Halogenoalkanes 1/3

These flashcards cover key concepts related to halogenoalkanes, their properties, naming conventions, and reactions.

What are halogenoalkanes?

Alkanes with one or more halogens attached to them.

What is the first step in naming a halogenoalkane?

Find the longest carbon chain.

What is the second step of naming Halogenoalkanes

The names and position of the halogen on the molecule is the prefix

How are the names of halogens in halogenoalkane naming ordered?

They must be in alphabetical order.

What prefixes are used for multiple types of halogens in names?

Use 'di' for 2, 'tri' for 3, and 'tetra' for 4.

How do boiling points of halogenoalkanes change down the group?

Boiling points increase down the group.

What factors govern the boiling point of halogenoalkanes?

The strength of the intermolecular forces.
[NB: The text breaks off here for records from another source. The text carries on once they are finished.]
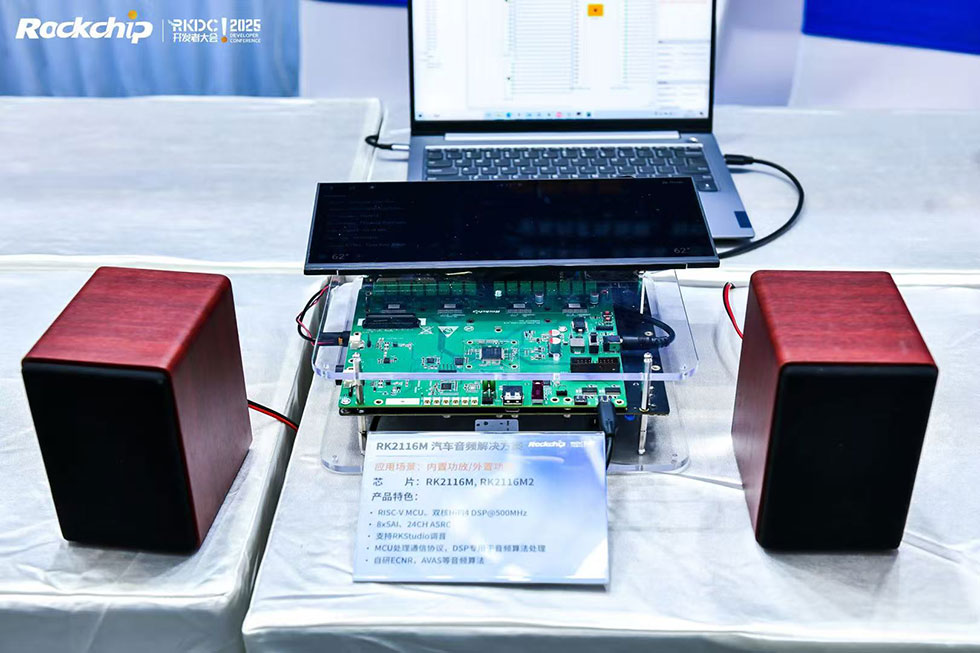 會上發(fā)布了最新一代DSP-RK2116M,其在RK2118M基礎(chǔ)上進行了架構(gòu)和IP上的精簡,同時新增4TX4RX的Audio Codec,并且軟件高度兼容RK2118M,可無縫移植。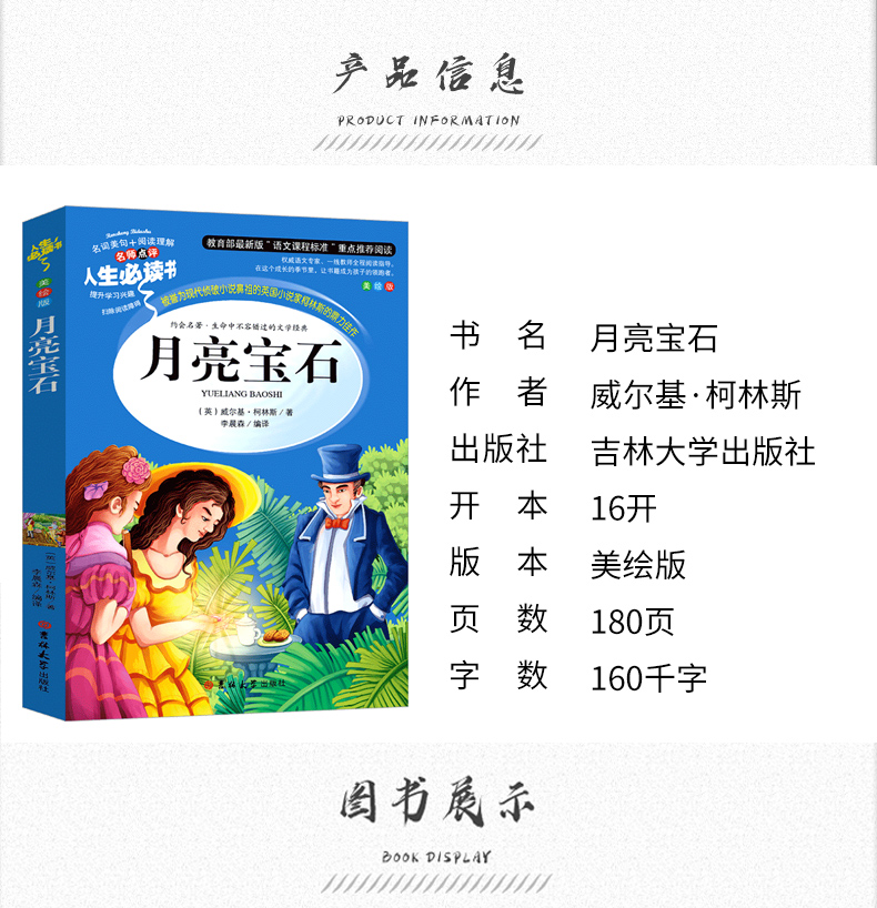 商品名称:人生必读书--月亮宝石 小学生课外书正版三年级四年级五年级六年级侦破小说语彩图美绘版中小学生课外阅读书籍青少年版吉林大学出版社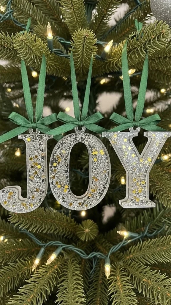 Resin initials feel personalized and glamorous. Use silicone letter molds and add glitter or tiny charms. Let them cure fully before adding ribbon. Families can make one for each member, turning the tree into a personalized display. These ornaments also make thoughtful gifts for friends or coworkers. They’re sturdy, shiny, and full of holiday sparkle.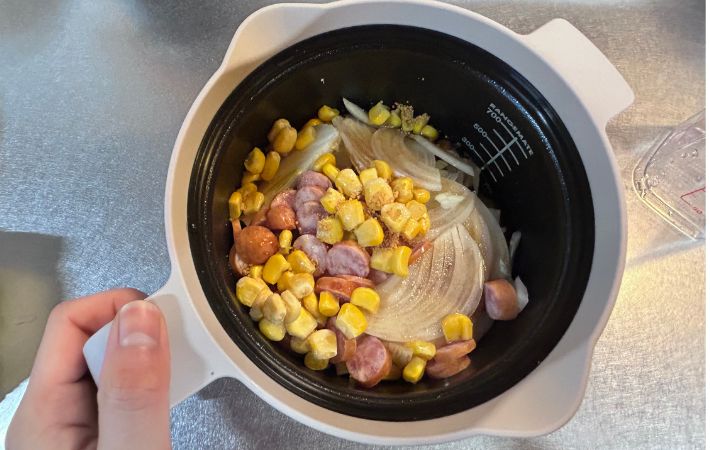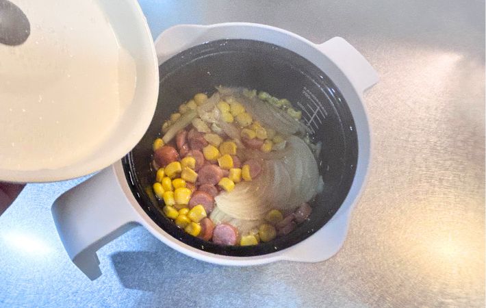 材料を食べやすい大きさにカットしたら、調味料、水と一緒にまとめてマグポットの中へ。

Why do the boiling points down group 7 have that trend

As you descend down group 7 the number of electrons in the hydrogen atoms increases, and more electrons means stronger van der waals forced between the molecules and so more energy is needed to overcome these forces

Why do halogenoalkanes have polar bonds?

Halogens are more electronegative than carbon and pull electrons towards themselves,

What does having polar bonds do to the Halogenoalkanes

They are attacked by nucleophiles

What is a nucleophile?

A substance that is an electron pair donor.
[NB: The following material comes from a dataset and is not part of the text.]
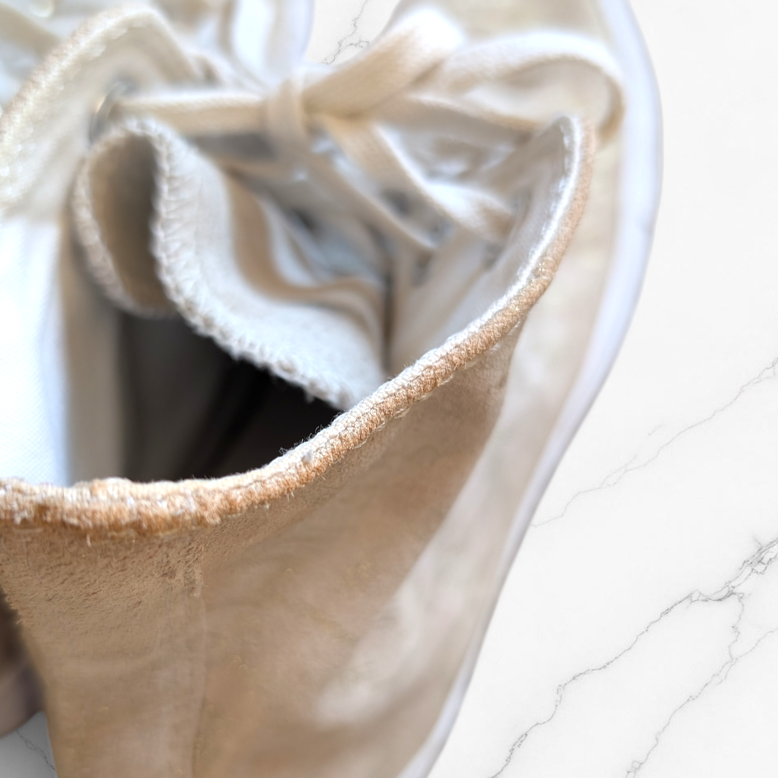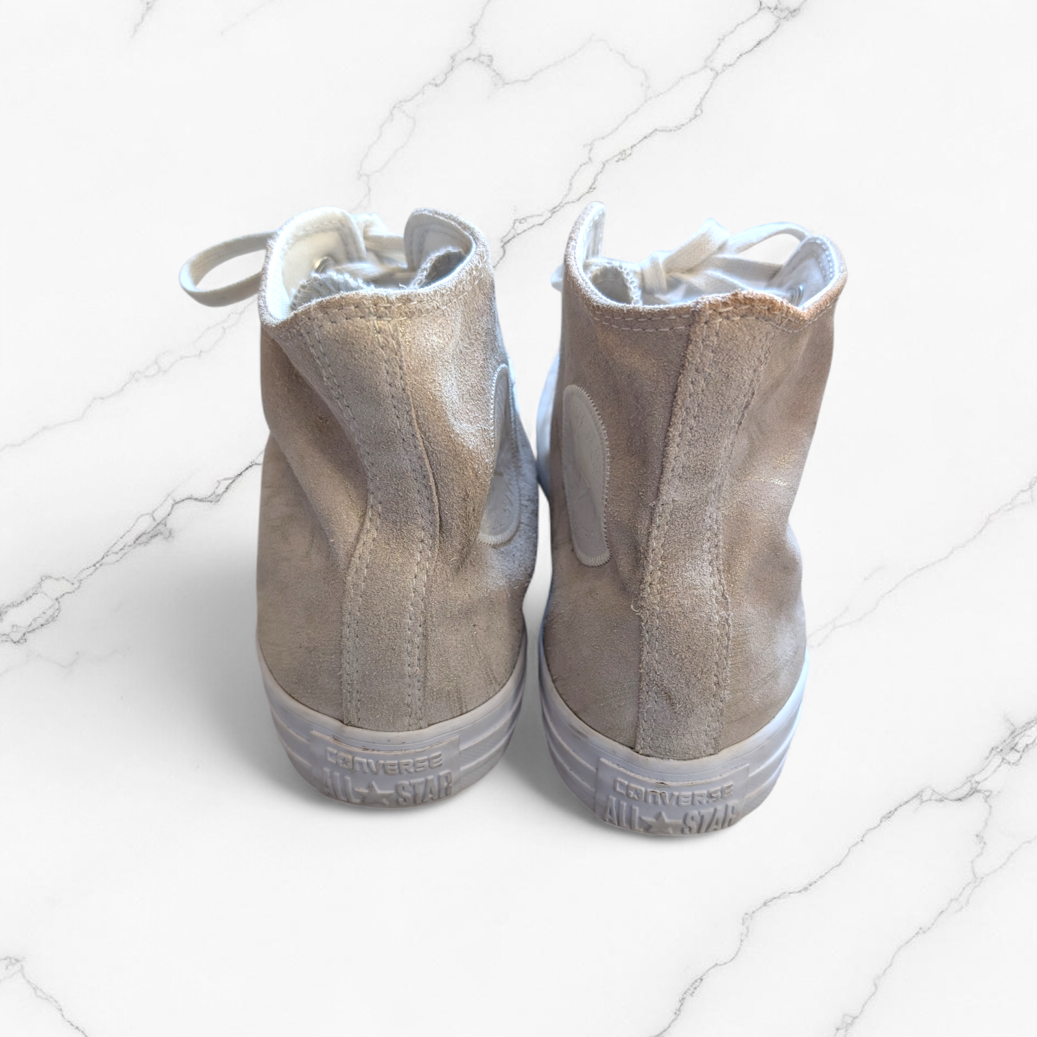 Description: A stunning and unique pair of Converse high tops in a sophisticated "Egret" beige canvas, decorated with artistic metallic gold brush-stroke accents. This pair is elevated by premium light gold-toned metal eyelets and a tonal light cream ankle patch for a cohesive, luxury look. They feature the iconic high-top silhouette, white rubber toe caps, and the signature "All Star" branding on the heel. A perfect statement sneaker for festival season or for adding a touch of shimmer to neutral outfits.

Give examples of nucleophiles.

Ammonia, hydroxide ions, cyanide ions

What mechanism is the reaction for hydroxide ions and Halogenoalkanes

Nucleophilic substitution

What are the conditions of nucleophilic substitution

Warm aqueous sodium hydroxide, which is the source of the OH- ions, and carried out under REFLUX

What happens during a nucleophilic substitution with hydroxide ions?

A nucleophile attacks the carbon and replaces the halogen, meaning that a new bond is formed between the OH- ion and the carbon

What is formed when halogenoalkanes react with cyanide ions?

Nitriles are formed.

What is formed in the nucleophilic substitution of hydroxide ions and a Halogenoalkane

Alcohol

What happens during a nucleophilic substitution with cyanide ions?
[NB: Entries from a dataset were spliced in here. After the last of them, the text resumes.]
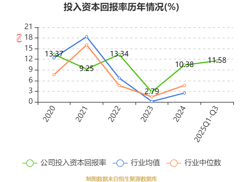 盈利能力方面, 2025年前三季度公司加权平均净资产收益率为13.6%,同比上升4.14个百分点。公司2025年前三季度投入资本回报率为11.58%,较上年同期上升3.92个百分点。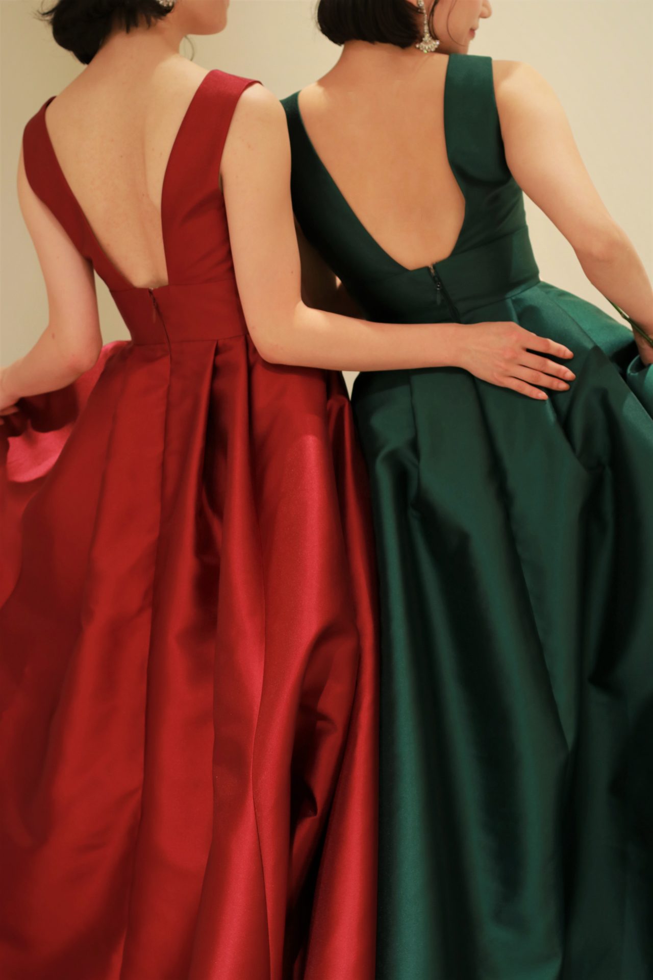 トリート メゾンの2021 Pre collectionより届いた新作カラードレスの数々。その中でもシックなカラーリングが目を惹くサテン地のドレスは、深みのあるグリーンとボルドーの2色展開です。日本の花嫁に懸念されがちなVカットのデザイン。それを胸元の丸みに合わせてカーブさせることで、安心感をもたらしました。凛とした上品さの中に、誰もが自信を持ってお召しいただけるデザインに仕上げられるのは、日本人女性の体を熟知したトリート メゾンならでは。裾もとにかけてふわっと広がる王道な印象のAラインを、胸元と背中のシャープなカッティングで締めることでモダンに昇華させます。パールのようなマットな光沢が美しいファブリックは、自然光や会場のライティングのもとで主役の輝きを与えてくれることでしょう。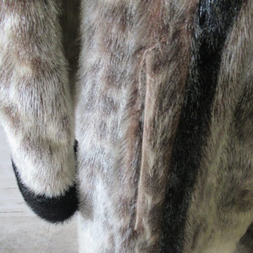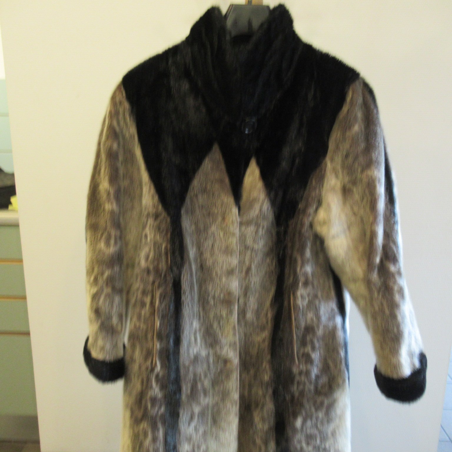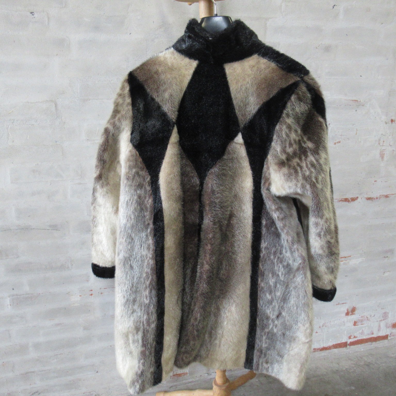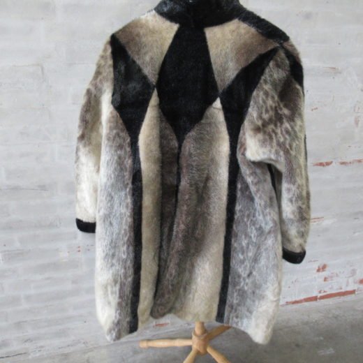 Størrelse fremgår ikke men måler fra skulder til skulder 45 cm, fra ærmegab til ærmegab 68 cm og fra nakke til nederste søm 104 cm.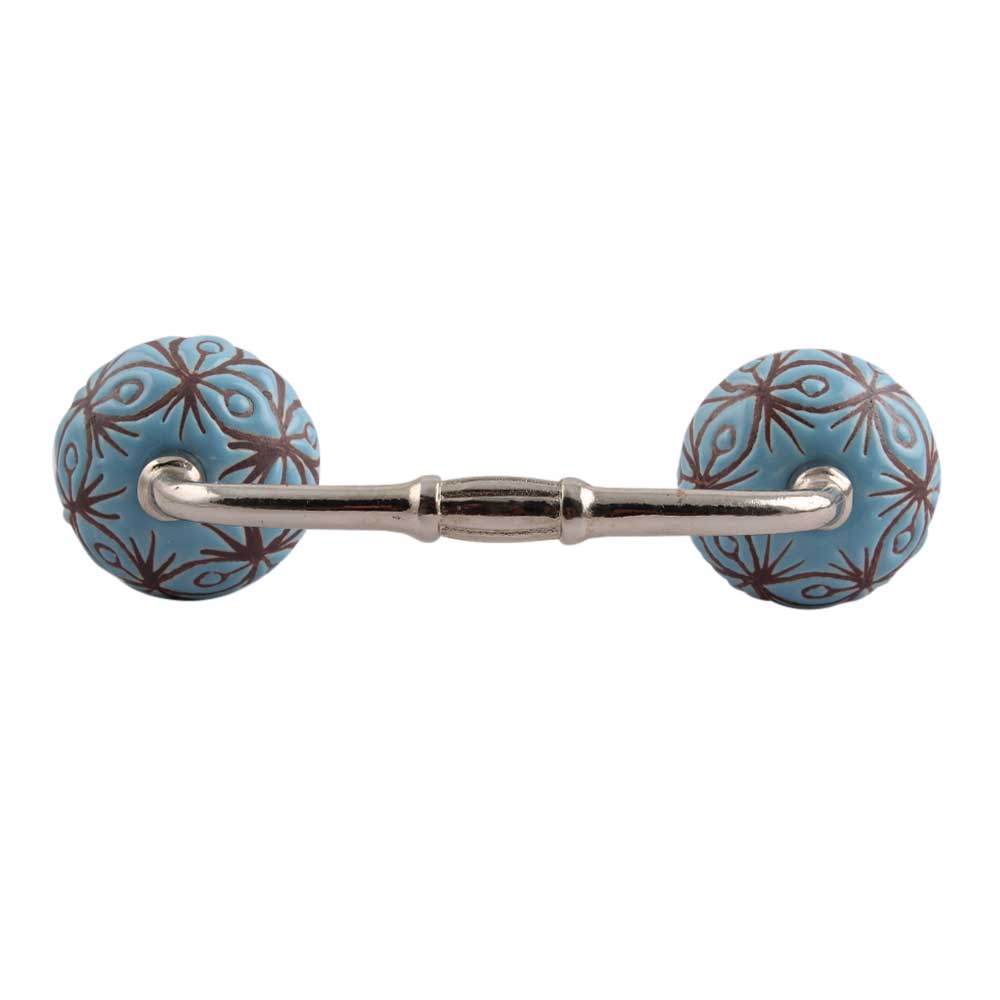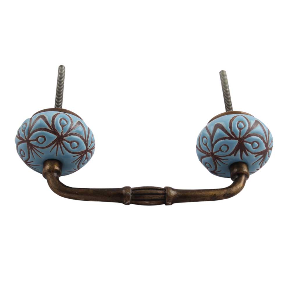 Turquoise Etched Ceramic Floral Bridge Handle. Ideal for Drawer, Dresser, Cabinet, Wardrobe, Cupboard and Almirah.

A nucleophilic with attack the slightly positive carbon and will replace the halogen, meaning that a new bond is formed between the CN- ion and the carbon

What conditions are required for nucleophilic substitution with cyanide ions?

Warm ethanolic potassium cyanide and carried out under reflux.

What is the overall reaction of halogenoalkanes with sodium hydroxide?

R-X + NaOH → ROH + NaX, where R is an alkyl group and X is a halogen.

What occurs to the C-X bond during nucleophilic substitution?

The C-X bond breaks, and both electrons move to the halogen.

What is the overall reaction of halogenoalkanes with ethanolic potassium cyanide

R-X + KCN → RCN+ KX, where R is an alkyl group and X is a halogen.